By 12:47 GMT, Brent crude futures were up 49 cents, or 0.57%, trading at $85.89 per barrel. U.S. West Texas Intermediate (WTI) crude futures also saw a rise, gaining 69 cents, or 0.84%, to reach $83.31 per barrel. Both contracts had posted gains in the previous two sessions.

Brent futures are set to fall around 1% week-on-week, following four consecutive weekly gains. WTI futures remained relatively stable on a weekly basis.

Investor sentiment improved after data released on Thursday showed a decline in U.S. consumer prices for June.

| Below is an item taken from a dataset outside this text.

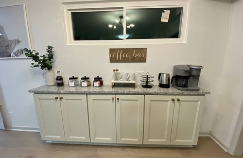 •Kitchen with Keurig machine, coffee pods, creamer, and sugar, and tea

This has fueled speculation that the Federal Reserve may soon cut interest rates, potentially boosting economic growth and, consequently, fuel consumption.

However, the market remains cautious, awaiting more definitive actions. While Federal Reserve Chair Jerome Powell acknowledged the positive trend in inflation, he emphasized that more data is needed to justify a rate cut.

“Cooling U.S. inflation numbers may support the case for the Fed to kick-start its policy easing process earlier rather than later, but it also adds to the series of downside surprises in U.S. economic data, which points to a clear weakening of the U.S. economy,” said Yeap Jun Rong, market strategist at IG.

The robust summer fuel demand in the U.S. also supported oil prices. U.S. gasoline demand reached 9.4 million barrels per day (bpd) for the week ending July 5, the highest for that week since 2019. Additionally, jet fuel demand on a four-week average basis was the strongest since January 2020.

“The market will remain rangebound, paralysed by opposing forces of expected demand recovery fuelled by an anticipation of a strong summer for fuels consumption … but sentiment remains pegged by ongoing economic weakness and uncertain demand recovery,” said Emril Jamil, senior oil analyst at LSEG.

The strong fuel demand prompted U.S. refiners to increase activity and draw from crude oil stockpiles. U.S. Gulf Coast refiners’ net input of crude rose last week to over 9.4 million bpd, the highest since January 2019.

Conversely, weaker demand signals from China, the world’s largest oil importer, could offset the positive outlook from the U.S. and weigh on prices.

“The recent downside correction is evidently over, although the speed of further ascent might be hindered by falling Chinese crude oil imports, which plummeted 11% in June from the previous year,” said Tamas Varga of oil broker PVM.

Analysis and Market Implications:

The easing of U.S. inflation and the potential for rate cuts by the Federal Reserve could lead to increased economic activity, driving up fuel demand. This scenario presents an opportunity for investors to capitalize on rising oil prices. However, the market remains cautious due to mixed signals from global economic data, particularly from China. Investors should monitor these developments closely, as they will significantly influence oil price movements and trading strategies.